The Monday Night Prayers That Toppled a Wall
In the autumn of 1989, Pastor Christian Fuhrer opened the doors of St. Nicholas Church in Leipzig, East Germany, for Monday evening prayer, just as he had done for seven years. What began in 1982 with a handful of believers had swelled beyond anything he imagined. By October 9th, seventy thousand people filled the streets outside the church, carrying candles and singing hymns — facing down a regime armed with tanks and secret police.

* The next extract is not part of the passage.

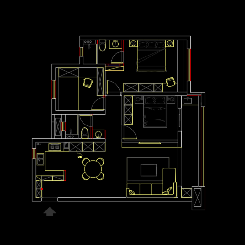 但也需要注意在阅读区、餐桌、橱柜下方增设局部重点照明,营造光影层次。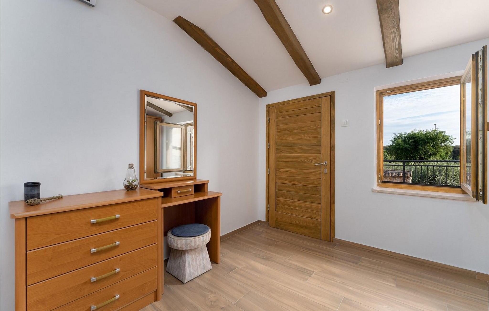 Rustik lejlighed Paris for 5 gæster kun 150 km fra havet og 2 km fra centrum af Porec. Indkvarteringen blev renoveret og indrettet med rustikke møbler. Lejligheden har en velplejet have på 100 kvm som byder gæsterne på komplet ro, balkon med siddemøbler, grill. Kun to minutters gang fra lejligheden ligger flere restauranter, caféer, bagerier, butikker og promenader. Offentlig parkering ligger 100 m fra lejligheden. Lejlighed Paris er velegnet til 5 personer og har 90 kvm. Den består af en stue med spisebord, et lille køkken, et badeværelse og et galleri med en dobbeltseng og en ekstra seng. I anden del af lejligheden med separat indgang er et soveværelse med dobbeltseng og eget badeværelse. Bemærk venligst, at denne ejendom ikke accepterer ungdomsgrupper eller polterabends. En ungdomsgruppe på denne ejendom er en gruppe bestående af personer på 26 år eller derunder. Book ikke denne ejendom, hvis du er en ungdomsgruppe eller et polterabend, da din reservation vil blive afvist efter booking, hvilket kan omfatte ved ankomst til ejendommen eller under dit ophold, og du vil ikke blive refunderet.

The East German government had seemed as permanent as granite. The Stasi surveilled every whisper. The Berlin Wall stood as an immovable monument to human power. Yet the Psalmist had already written the ending: "The mountains melt like wax before the Lord, before the Lord of all the earth."
Exactly one month after that October prayer gathering, the Wall fell. No army breached it. No bomb shattered it. A bureaucrat fumbled an announcement at a press conference, crowds surged to the checkpoints, and the guards simply stepped aside. An empire that had endured for forty years dissolved in a single evening.
Psalm 97 declares that the Most High reigns above all the earth, that righteousness and justice are the foundation of His throne. Pastor Fuhrer and his congregation discovered what the Psalmist already knew — no regime, no ideology, no wall built by human hands can stand when the Almighty decides it is time for it to fall. The Lord reigns. Let the earth be glad.